SLIPPING INTO DARKNESS:
The Jewish Influence on Film Noir

Taught by George Robinson
Mondays, 5:30 PM – 7:00 PM
6 Sessions, January 11 – February 15
Registration deadline: January 8

$169 ($149 for JxJ Donors of certain levels*)

With the coming of the Second World War, a new, darker strain left its marks on American film, a fate-driven, almost hallucinatory blend of visual style and themes that would come to be known as film noir (dark film). At the forefront of this change, which cut across genre lines, eventually including such unlikely modes as the western, the family melodrama and the swashbuckler, were a group of Jewish filmmakers, mostly emigres seeking refuge from the rise of the Nazis as well as American-born artists influenced by them. As one TV program might say, “These are their stories.”

Note: Additional streaming film rentals required 

 

Part I – The Emigres
Scarlet Street (1945)
Fritz Lang’s blacker-than-black remake of Jean Renoir’s La Chienne is an extended excursion into a world of mismatched would-be lovers and destiny-riddled disaster. Edward G. Robinson is a Sunday painter, a harmless drudge who rescues a damsel-seemingly-in-distress (Joan Bennett) from a brutal boyfriend (Dan Duryea), only to fall under her malign influence. There can only be one way for this story to end, and it’s not nice.

Available on Amazon Prime

Fallen Angel (1945)
For most film noir heroes, the city is an ominous, threatening place. Not so Dana Andrews, a rootless drifter who turns up in a small town looking for work and a meal. He crosses paths with a timid heiress (Alice Faye), a hashhouse waitress (Linda Darnell), and a brutal cop in a mean-looking hat (Charles Bickford). Otto Preminger, transplanted Viennese theater intellectual, mimics his own deracination in this moody tale of homelessness, statelessness and lovelessness.

Available on Amazon Prime

Detour (1945)
In just over 60 minutes, Edgar G. Ulmer encapsulates the most paranoiac fears of the age. “Wherever you go, fate sticks out a foot to trip you up.” Sleazy classical pianist Tom Neal hitchhikes west to join his successful singer girlfriend and meets pure venom on the way in the form of Ann Savage in one of the most memorably deranged femmes fatales in all of noirDetour is either the greatest cheap film or the cheapest great film ever made.

Available on Amazon Prime

Act of Violence (1949)
Fred Zinneman’s reputation is based mainly on his overstuffed Oscar winners of the ‘50s and ‘60s, but Act of Violence is his best film, a morally complex, visually inventive drama about survivor guilt and guilty survivors.

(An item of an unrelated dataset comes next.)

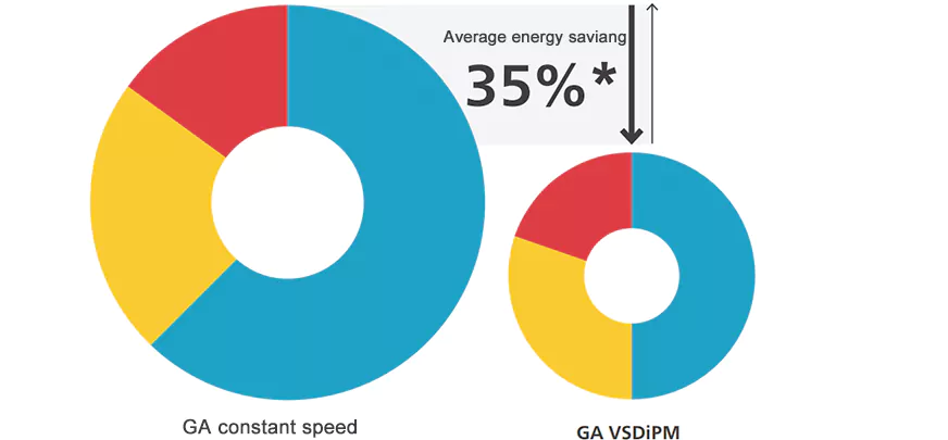 Kompresor seri VSDiPM yang sangat efisien menghemat rata-rata hingga 35%* energi dibandingkan dengan kompresor yang digerakkan pada kecepatan tertentu

Robert Ryan and Van Heflin duel in the seemingly placid spaces of suburban post-war America; one is a severely damaged ex-POW, the other the man who may have betrayed him.

Part 2 – The Americans
My Name Is Julia Ross (1945)
You are transplanted to a strange land, told that you have a new name and a totally different history. Are you going mad, or just a refugee? Nina Foch – like most of the directors in this series – is placed in that position but it quickly becomes apparent that she is not safe in her new home and the danger is already all around her. Joseph H. Lewis, a New York-born Jew, channels his own fear of dislocation and loss in this stunningly concise, economical thriller, barely an hour long.

Available on Hulu and xfinity.com

Force of Evil (1948)
One of the finest debut films ever made, Abraham Polonsky’s study of organized crime as a form of capitalist endeavor is also a corrosive profile of an immigrant family in meltdown. John Garfield is a rising Wall Street lawyer whose main client is the syndicate that is pulling together New York’s numbers banks. Unfortunately for everyone involved, their mergers and acquisitions branch has a rather direct approach to acquisitions. A brilliant script with machine-gun dialogue.

 

Teacher: George Robinson recently finished 26 years as the film critic at The Jewish Week (NYC). An adjunct assistant professor of media arts and technology at Borough of Manhattan Community College, he has been writing about film for almost 50 years. He is also the author of Essential Judaism: A Complete Guide to Beliefs, Customs and Rituals (Simon and Schuster/Atria) and Essential Torah: A Complete Guide to the Five Books of Moses (Schocken).